::: The input :::

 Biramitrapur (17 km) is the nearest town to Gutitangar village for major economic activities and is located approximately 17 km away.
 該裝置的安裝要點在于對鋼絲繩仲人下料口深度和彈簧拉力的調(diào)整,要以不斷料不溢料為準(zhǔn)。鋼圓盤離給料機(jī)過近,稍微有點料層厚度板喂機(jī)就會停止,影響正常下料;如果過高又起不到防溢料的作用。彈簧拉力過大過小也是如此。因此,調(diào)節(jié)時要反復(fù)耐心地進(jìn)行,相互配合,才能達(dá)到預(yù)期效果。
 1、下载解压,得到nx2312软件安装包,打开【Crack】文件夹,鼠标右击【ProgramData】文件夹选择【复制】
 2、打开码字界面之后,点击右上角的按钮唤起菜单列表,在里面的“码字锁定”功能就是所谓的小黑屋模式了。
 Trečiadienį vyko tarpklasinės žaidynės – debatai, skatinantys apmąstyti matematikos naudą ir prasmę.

:::

● Exercise instructions
An exact copy of every entry is what is needed here.

● Your solution
 Biramitrapur (17 km) is the nearest town to Gutitangar village for major economic activities and is located approximately 17 km away.
 該裝置的安裝要點在于對鋼絲繩仲人下料口深度和彈簧拉力的調(diào)整,要以不斷料不溢料為準(zhǔn)。鋼圓盤離給料機(jī)過近,稍微有點料層厚度板喂機(jī)就會停止,影響正常下料;如果過高又起不到防溢料的作用。彈簧拉力過大過小也是如此。因此,調(diào)節(jié)時要反復(fù)耐心地進(jìn)行,相互配合,才能達(dá)到預(yù)期效果。
 1、下载解压,得到nx2312软件安装包,打开【Crack】文件夹,鼠标右击【ProgramData】文件夹选择【复制】
 2、打开码字界面之后,点击右上角的按钮唤起菜单列表,在里面的“码字锁定”功能就是所谓的小黑屋模式了。
 Trečiadienį vyko tarpklasinės žaidynės – debatai, skatinantys apmąstyti matematikos naudą ir prasmę.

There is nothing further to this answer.